Pictures must be left out. Retype exactly the lines from the one containing "Сборник, включающий и" through the last line of the records below.

********************

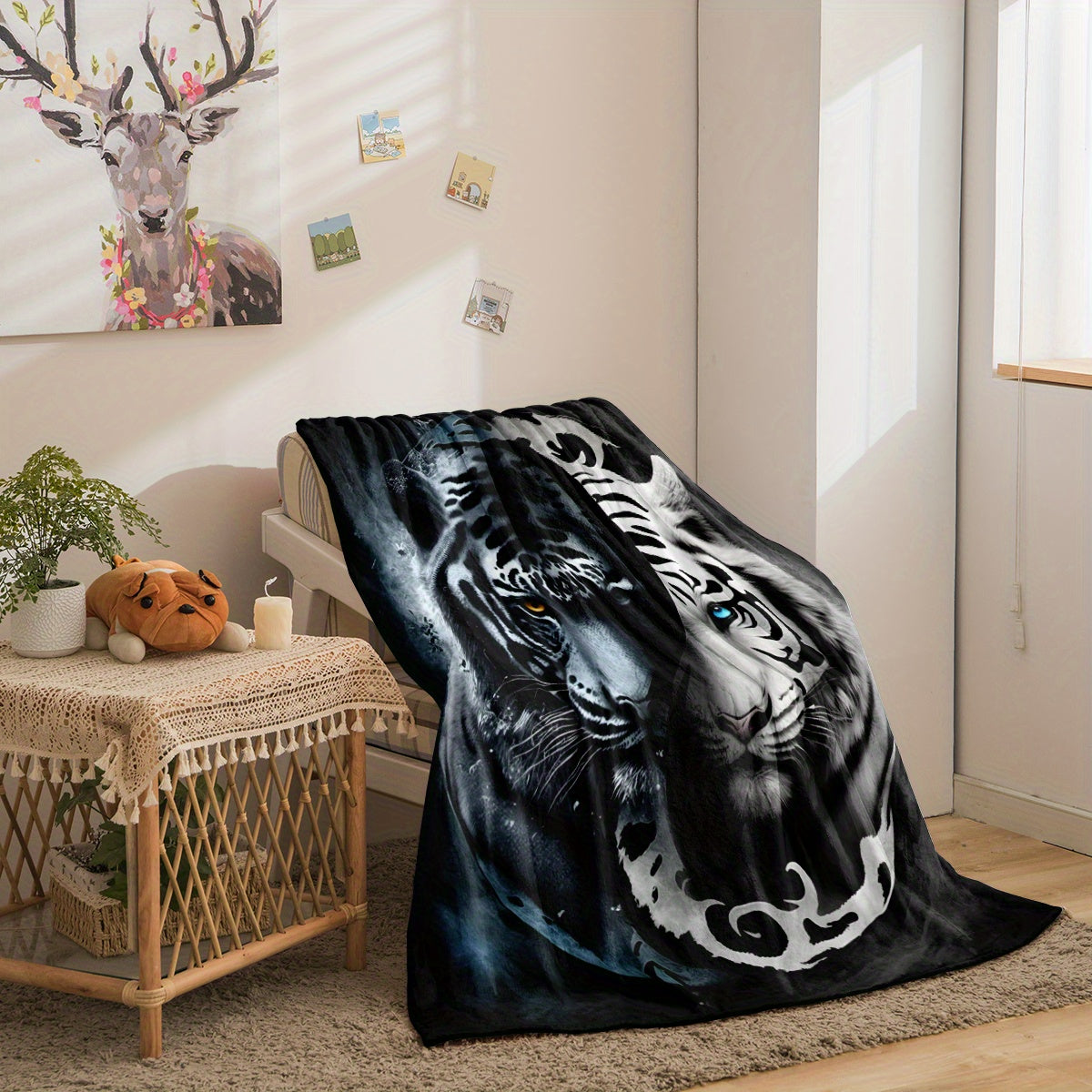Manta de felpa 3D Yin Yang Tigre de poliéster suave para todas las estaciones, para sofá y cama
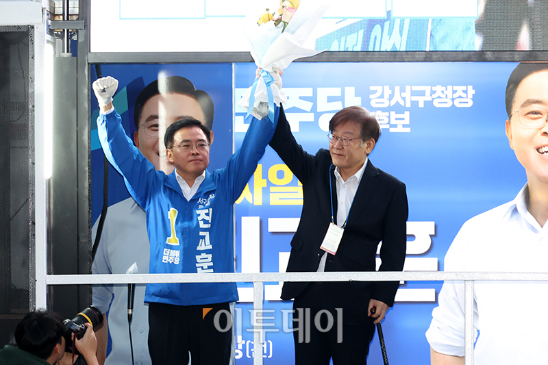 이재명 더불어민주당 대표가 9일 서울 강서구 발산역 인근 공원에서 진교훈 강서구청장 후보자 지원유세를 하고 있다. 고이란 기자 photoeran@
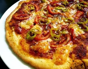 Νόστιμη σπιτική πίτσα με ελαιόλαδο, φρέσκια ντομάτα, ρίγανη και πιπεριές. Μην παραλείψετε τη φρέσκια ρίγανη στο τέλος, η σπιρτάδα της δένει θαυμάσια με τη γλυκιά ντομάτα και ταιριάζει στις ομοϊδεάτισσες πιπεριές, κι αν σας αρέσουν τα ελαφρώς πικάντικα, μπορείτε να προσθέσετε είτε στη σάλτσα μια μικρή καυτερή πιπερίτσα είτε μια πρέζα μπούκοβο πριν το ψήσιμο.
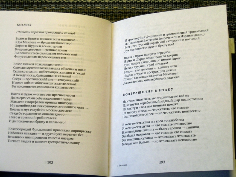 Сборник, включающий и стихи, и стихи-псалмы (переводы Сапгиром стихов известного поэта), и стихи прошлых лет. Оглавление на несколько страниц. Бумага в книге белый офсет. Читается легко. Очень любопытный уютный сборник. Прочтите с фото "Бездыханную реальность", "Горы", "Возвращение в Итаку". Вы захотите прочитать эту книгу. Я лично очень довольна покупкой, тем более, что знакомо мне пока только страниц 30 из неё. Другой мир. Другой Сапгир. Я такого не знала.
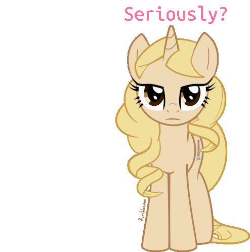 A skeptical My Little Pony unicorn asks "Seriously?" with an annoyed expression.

********************

SOLUTION FOR THIS PROBLEM:
 Сборник, включающий и стихи, и стихи-псалмы (переводы Сапгиром стихов известного поэта), и стихи прошлых лет. Оглавление на несколько страниц. Бумага в книге белый офсет. Читается легко. Очень любопытный уютный сборник. Прочтите с фото "Бездыханную реальность", "Горы", "Возвращение в Итаку". Вы захотите прочитать эту книгу. Я лично очень довольна покупкой, тем более, что знакомо мне пока только страниц 30 из неё. Другой мир. Другой Сапгир. Я такого не знала.
 A skeptical My Little Pony unicorn asks "Seriously?" with an annoyed expression.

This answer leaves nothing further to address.